Такого поворота событий никто не ожидал. Мы молчали, словно пораженные громом. А Стриж, сделав паузу, добавил:

— Оборотень — один из нас!

Мне стало не по себе. Я попытался оценить свои ощущения по шкале «страшно — страшнее». У меня вышло «страшнее не бывает».

— Вот так дела-а-а!!! — протянул Дятлов.

Мне бросилось в глаза, что мои товарищи вдруг стараются избегать взаимных взглядов.

«Что это? — подумал я, — Неужели они чувствуют за собой какую-то вину? Или своим поведением не хотят вызвать нежелательную реакцию со стороны того единственного… из своих…? Ну, оборотня! Может, действительно боятся! Боятся вызвать своим пристальным взглядом его мгновенное превращение в огромного волка-людоеда!»

— А вдруг это Кащей? — предположил Дятлов. — Он — мужик со странностями…

— Оборотень — один из нас! — несогласно качая головой, повторился Стриж.

Кто-то из наших усмехнулся.

— Майзингер! — неожиданно прервал мои размышления капитан. — Ты там что-то говорил о тельняшке и штанах, не так ли?

Все, кроме Щеглицкого и меня, уставились на капитана. На их лицах читалось непонимание.

— Так точно! — подтвердил я.

— Кто имеет при себе тельняшку? — не давая людям опомниться, задал вопрос Стриж.

— Я, — спокойно ответил Воронян и при этом распахнул свой бушлат.

На его могучей груди, словно растянутая для просушки шкурка кролика, красовался черно-бело-полосатый тельник. В некоторых местах его пронизывали длиные черные волосины — неотъемлемая декорация груди, наверное, любого кавказца.

Я улыбнулся. Ибо с таким волосяным покровом он как нельзя лучше подходил на роль обросшего шерстью вервольфа. Однако тут же громко заявил: — Не такая! Та была с синими полосками. Как у десантников!

— У кого есть такая? — снова поинтересовался капитан Стриж.

— У меня их две, — признался Синицын. — Только обе на точке остались.

Остальные лишь отрицательно качали головой под внимательным взглядом капитана.

— У меня тоже нет, — заключил Стриж. — А Галкин, насколько мне известно, все свои раздарил племянникам.

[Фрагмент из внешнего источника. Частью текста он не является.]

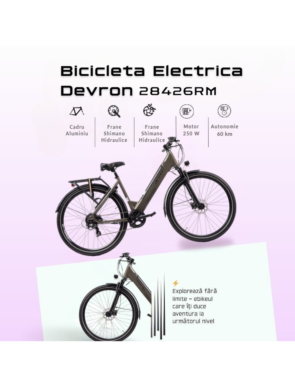 - Experimentează un nou nivel de confort și eficiență în deplasările tale zilnice cu Bicicleta Electrica Devron 28426RM - 28 Inch. Această bicicletă urbană combină un design modern cu performanțe fiabile, fiind alegerea perfectă pentru drumurile prin oraș sau plimbările relaxante din weekend.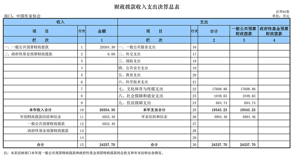 四、财政拨款收入支出决算总表

— У Астафьева… есть, — негромко произнес Дятлов. И помолчав добавил: — Не хочу прослыть стукачом, но сегодня утром я видел его именно в таком тельнике… Он попросил меня принести ему воды из озера. Сказал, что бреется и не хочет, чтобы его видели с пеной на морде. Вот я и принес… А когда ему кружку в палатку подавал, то заметил, что тот в одном тельнике сидел.

— Значит, у Астафьева… — протянул лейтенант Синицын.

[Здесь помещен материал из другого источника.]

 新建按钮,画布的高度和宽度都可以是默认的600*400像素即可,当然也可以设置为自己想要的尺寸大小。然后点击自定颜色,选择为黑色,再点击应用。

— Ладно, — вмешался Стриж, — это еще ничего не значит.

— Нам бы уже наверняка что-нибудь такое в его поведении бросилось в глаза, — заявил Щеглицкий.

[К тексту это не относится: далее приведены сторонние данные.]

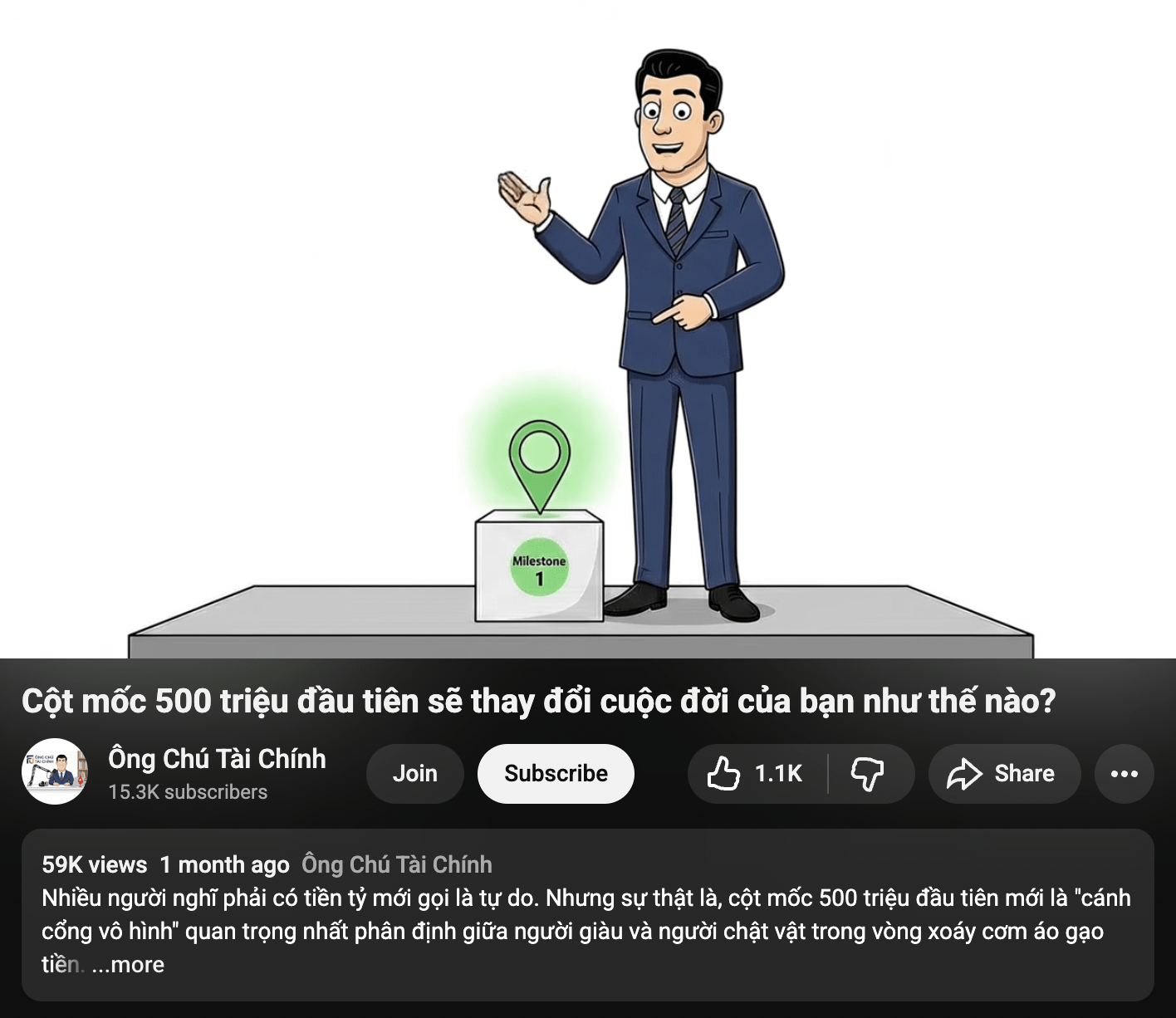Về nội dung, kênh khai thác các chủ đề mang tính nền tảng nhưng vẫn gắn với thực tiễn. Từ việc giải thích toàn bộ hệ thống tài chính trong một video dài, phân biệt các loại quỹ đầu tư, đến những cột mốc tài chính như “500 triệu đầu tiên sẽ thay đổi cuộc đời ra sao” - tất cả đều được trình bày theo hướng dễ hiểu, có tính hệ thống.

— Какое такое? — тут же поинтересовался Синицын.

Мне показалось, или наш лейтенант Синицын почему-то действительно недолюбливал Астафьева?

— Ну там, повышенная лохматость, — гоготнул старший прапорщик. — Или, к примеру, отсутствие всякого аппетита… А Астафьев за обедом за троих лопал!

— Точно! — засмеялся Дятлов. — Что-что, а жрать наш новый товарищ мастак!

— Прекращайте, — еле скрывая улыбку, приказал Стриж. — Как вам не стыдно? У здорового организма и аппетит должен быть здоровым.

— Подождите, — вклинился я в их полемику. — Лейтенанта Астафьева сразу после обеда вырвало!

Стало тихо. И даже преспокойно ухающий до этого филин вдруг замолчал.

— А вот это уже серьезно! — строго произнес капитан Стриж, глядя поверх моей головы куда-то в поминутно сгущающуюся мглу у кромки леса. — Вы в этом уверены, рядовой?

— Так точно! Уверен! Да вы бы, товарищ капитан, сами посмотрели, как его там полоскало. Я думал, еще немного — и я увижу его желудок.

— Спасибо, Майзингер, такие пикантные подробности меня не интересуют, — все еще не глядя на меня, заявил он.

И снова возникла пауза.

— А вам не кажется, что Галкин об этом догадывался? Или, может, даже знал! — подал голос Журавлев.

Стриж встретился глазами со старшим лейтенантом и молча кивнул.

— В таком случае он подвергает себя смертельной опасности, — не унимался Журавлев.

— Кто хорошо запомнил дорогу назад, в деревню? — быстро спросил капитан Стриж.

Синицын поднял руку.

— Уверен?

— У меня отец лесником был. Я, товарищ капитан, не одни летние каникулы в тайге провел.

— Журавлев, — повернулся к старшему лейтенанту Стриж, — остаешься здесь за старшего! Продолжайте наблюдение! Со мной пойдут Синицын и Майзингер. А ты распредели дежурство по новой! Если через два дня ни от нас, ни от Галкина ничего не будет слышно, свяжетесь с центром. А до тех пор — ни-ни! Все ясно?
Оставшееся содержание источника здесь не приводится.